**Given material**:
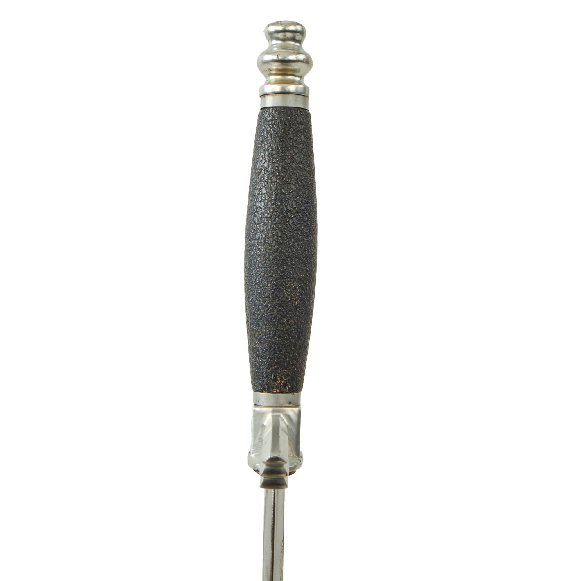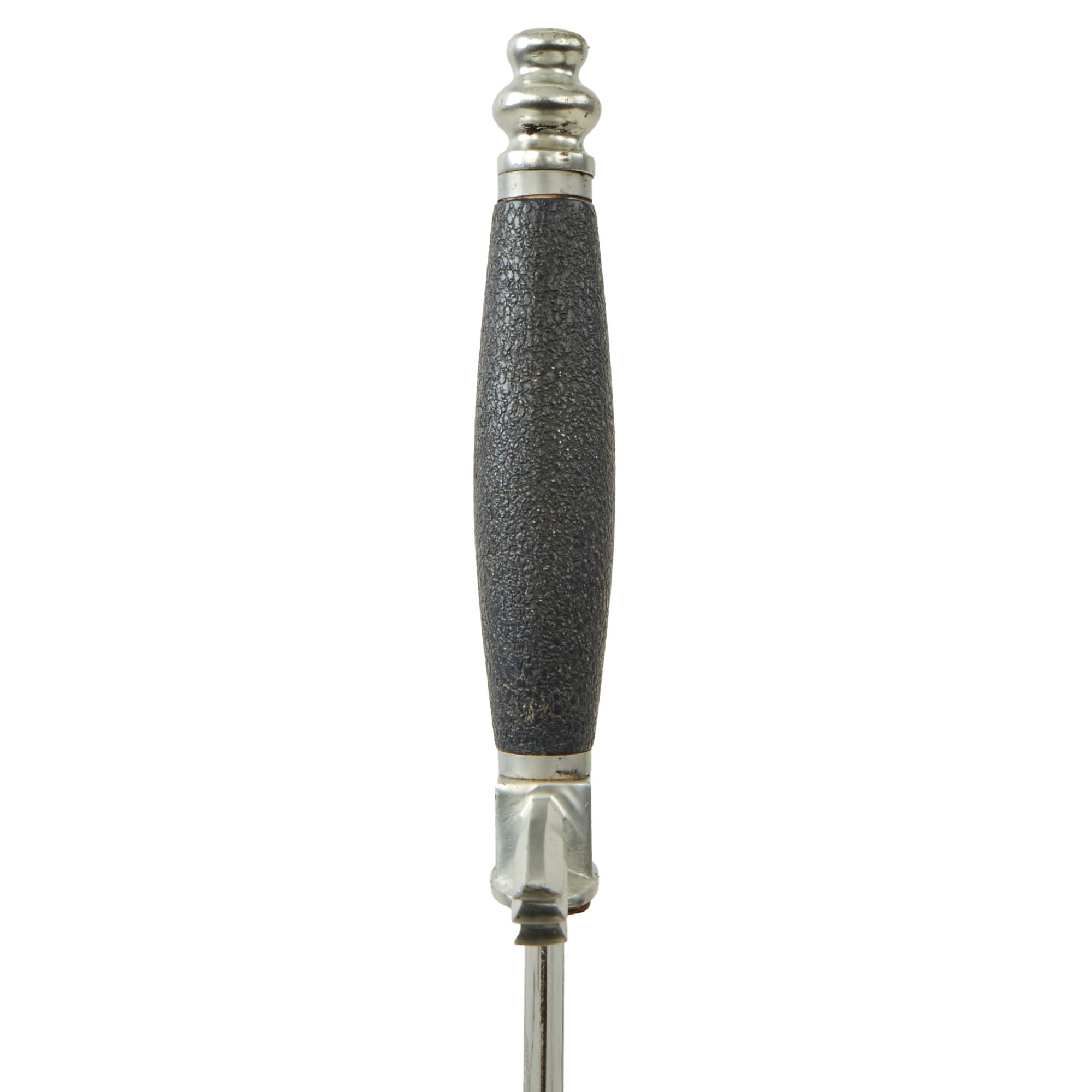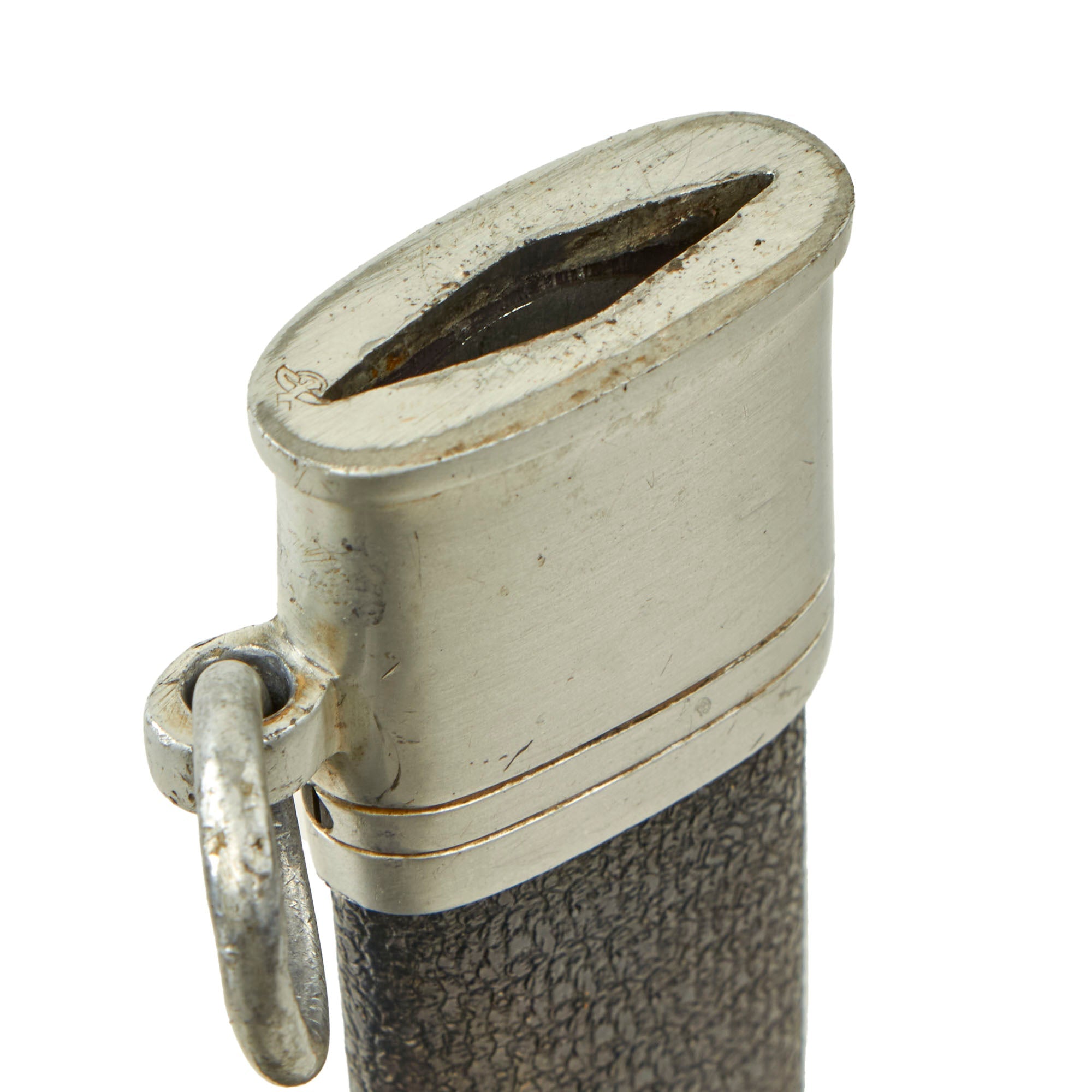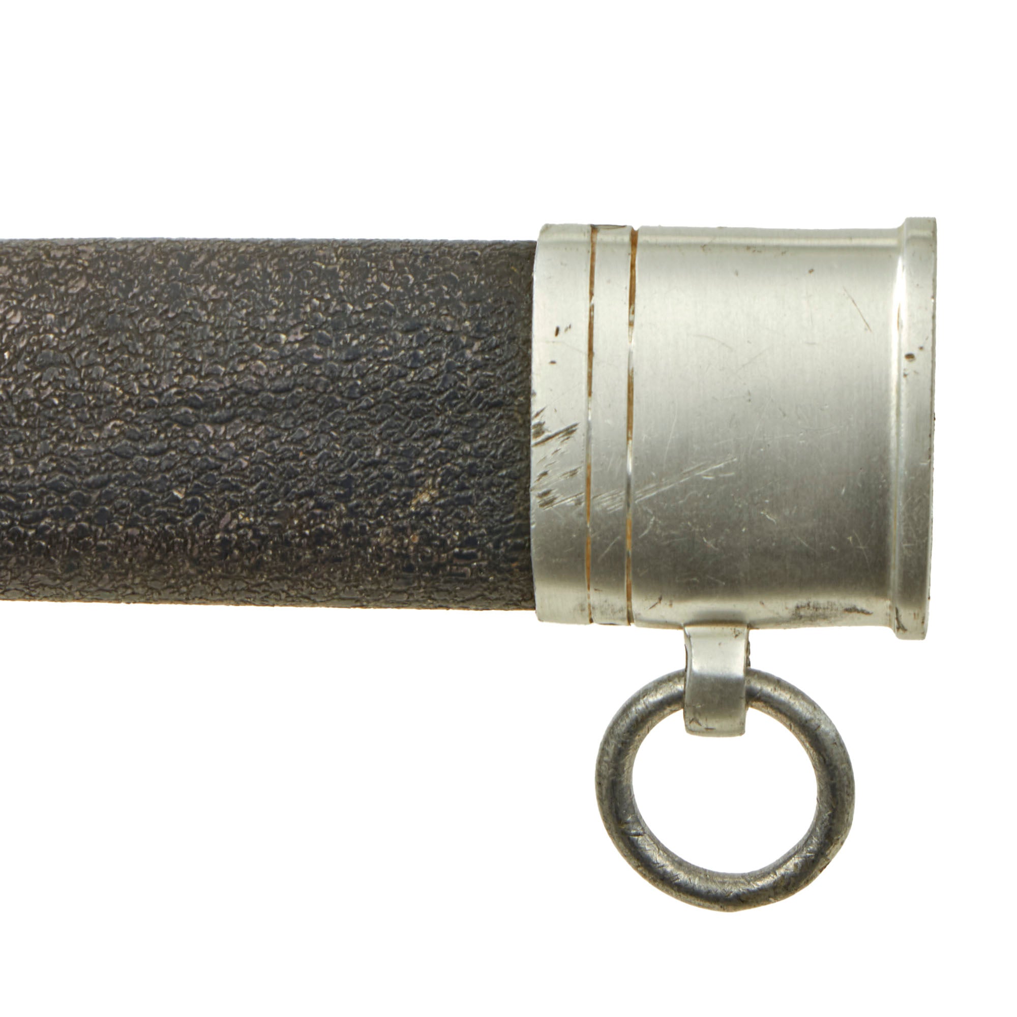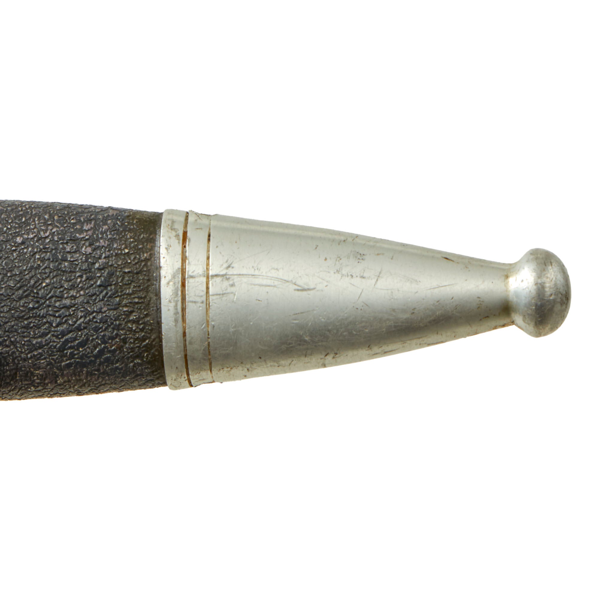 This example looks to have seen light to moderate service, and has a fantastic lightly worn patina. This is a later style example, which is fit almost entirely with aluminum, either painted or with a matte / brushed finish. The The pommel cap is the three stage variety, still crisp throughout the edges with some dents and scratches from use.
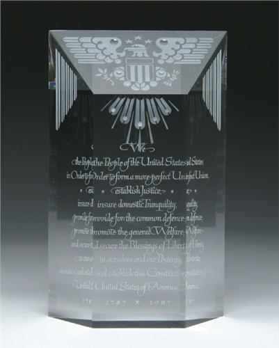 STEUBEN CONSTITUTION BICENTENNIAL PRISM. Stately bicentennial prism is engraved with the Preamble to the Constitution of the United States. The prism was introduced in 1987 for the 200th Anniversary of the Constitution. It is a limited edition and comes with original red leather presentation case. Pictured on pg. 310 of the new Madigan book "Steuben Glass: An American Tradition in Crystal". SIZE: 9 in. t. CONDITION: Very good to excellent. 5-61147
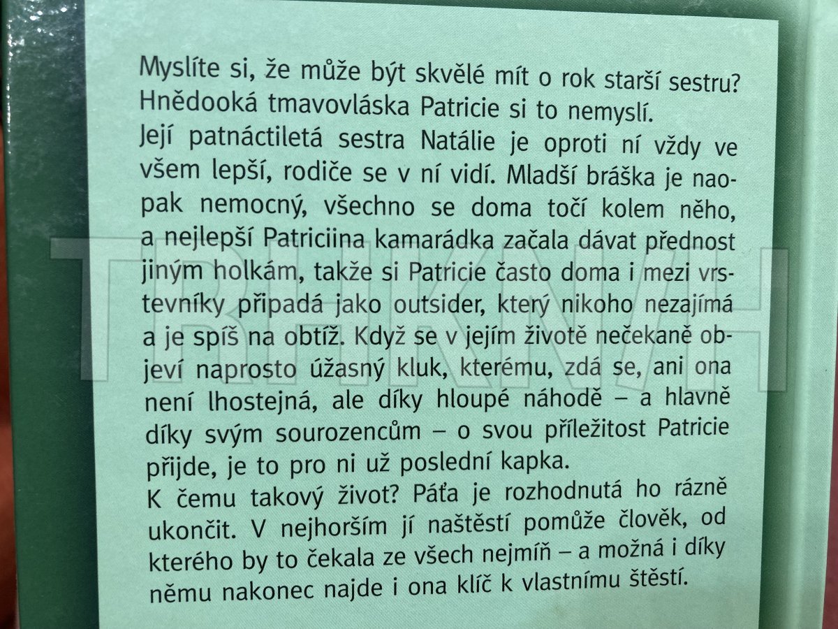 Doma se Patricie cítí odstrčená, rodiče se věnují jen jejímu mladšímu postiženému bratrovi, a ve všem preferují její starší sestru - gymnazistku. Ani ve škole se necítí dobře: její nejlepší kamarádka dala přednost třídní krasavici Viky. Navíc musí sedět v lavici s novou spolužačkou, podivínkou, která vypadá a chová se jako bytost z jiné planety. Všechno se ale má brzy změnit: v jejím životě se objeví naprosto úžasný kluk.
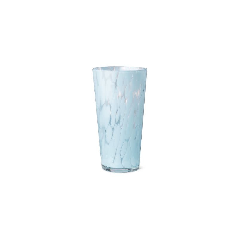 De Casca vaas van Ferm Living brengt een vrolijke, artistieke toets in huis. Elke vaas is mondgeblazen en heeft een organische, asymmetrische vorm met een uniek patroon van blauwe kleurvlekken; geen twee exemplaren zijn hetzelfde.

**Task statement**: Only lines go in the copy, not pictures. Transcribe exactly from the start of the listing through the line containing "STEUBEN CONSTITUTION BICENTENNIAL".

**Answer**:
 This example looks to have seen light to moderate service, and has a fantastic lightly worn patina. This is a later style example, which is fit almost entirely with aluminum, either painted or with a matte / brushed finish. The The pommel cap is the three stage variety, still crisp throughout the edges with some dents and scratches from use.
 STEUBEN CONSTITUTION BICENTENNIAL PRISM. Stately bicentennial prism is engraved with the Preamble to the Constitution of the United States. The prism was introduced in 1987 for the 200th Anniversary of the Constitution. It is a limited edition and comes with original red leather presentation case. Pictured on pg. 310 of the new Madigan book "Steuben Glass: An American Tradition in Crystal". SIZE: 9 in. t. CONDITION: Very good to excellent. 5-61147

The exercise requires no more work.